# [Work required]
Below are records with pictures; copy word for word only the lines between the line with "Figure 3. Sheet metal impact test" and the line with "BJP leader and", inclusive, and drop the pictures.

# [Given information]

§

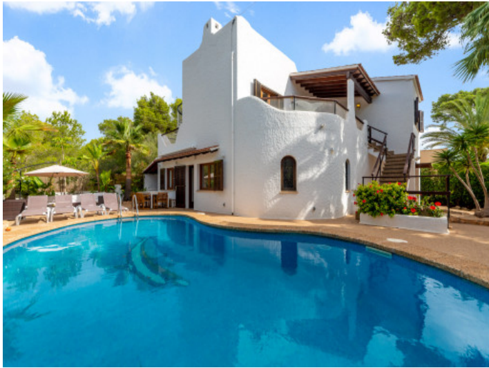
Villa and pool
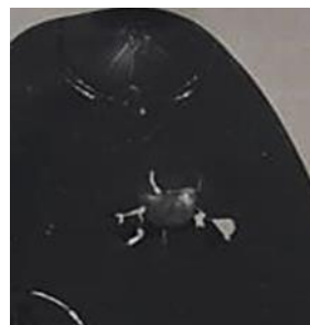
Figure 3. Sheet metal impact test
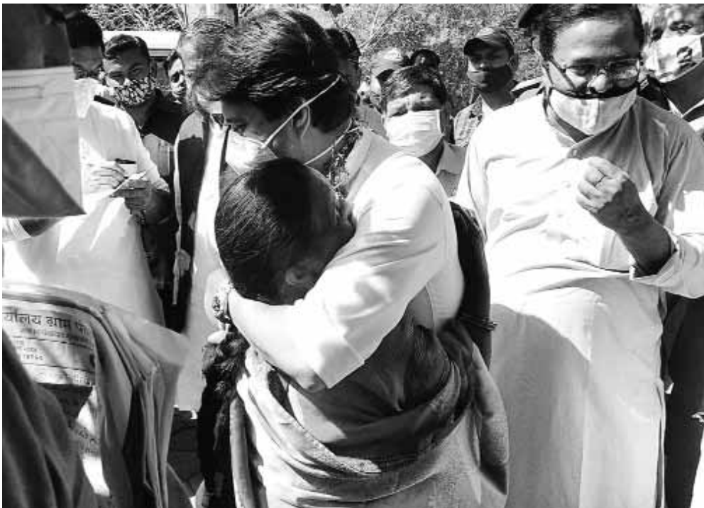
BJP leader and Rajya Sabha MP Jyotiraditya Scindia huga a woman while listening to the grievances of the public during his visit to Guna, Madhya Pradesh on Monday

§

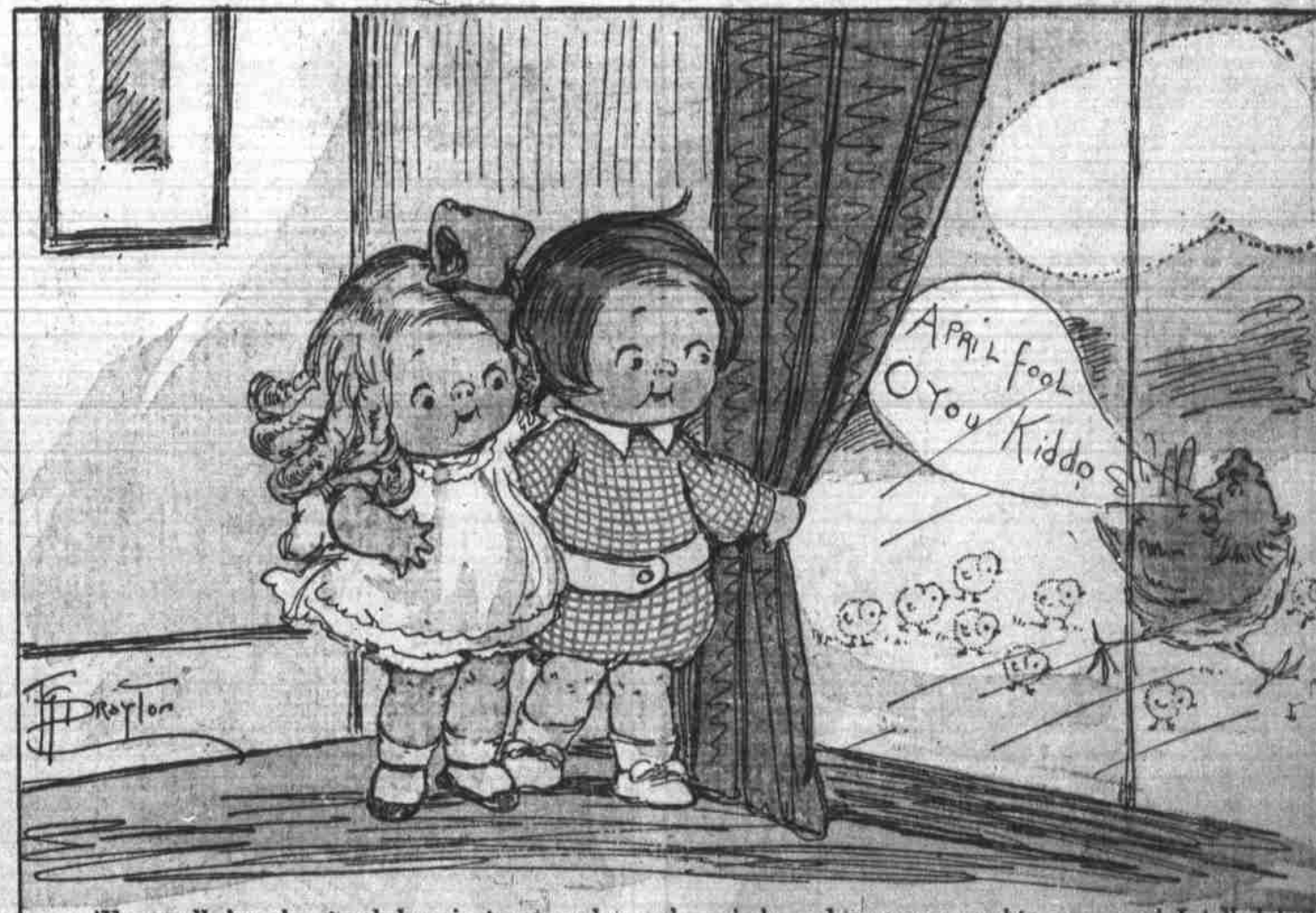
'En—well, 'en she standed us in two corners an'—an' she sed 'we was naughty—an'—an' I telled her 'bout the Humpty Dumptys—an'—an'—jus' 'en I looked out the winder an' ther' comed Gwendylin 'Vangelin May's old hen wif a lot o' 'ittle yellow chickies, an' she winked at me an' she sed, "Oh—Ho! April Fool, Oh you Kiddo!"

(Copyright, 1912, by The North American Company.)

§

# [Task result]
Figure 3. Sheet metal impact test
BJP leader and Rajya Sabha MP Jyotiraditya Scindia huga a woman while listening to the grievances of the public during his visit to Guna, Madhya Pradesh on Monday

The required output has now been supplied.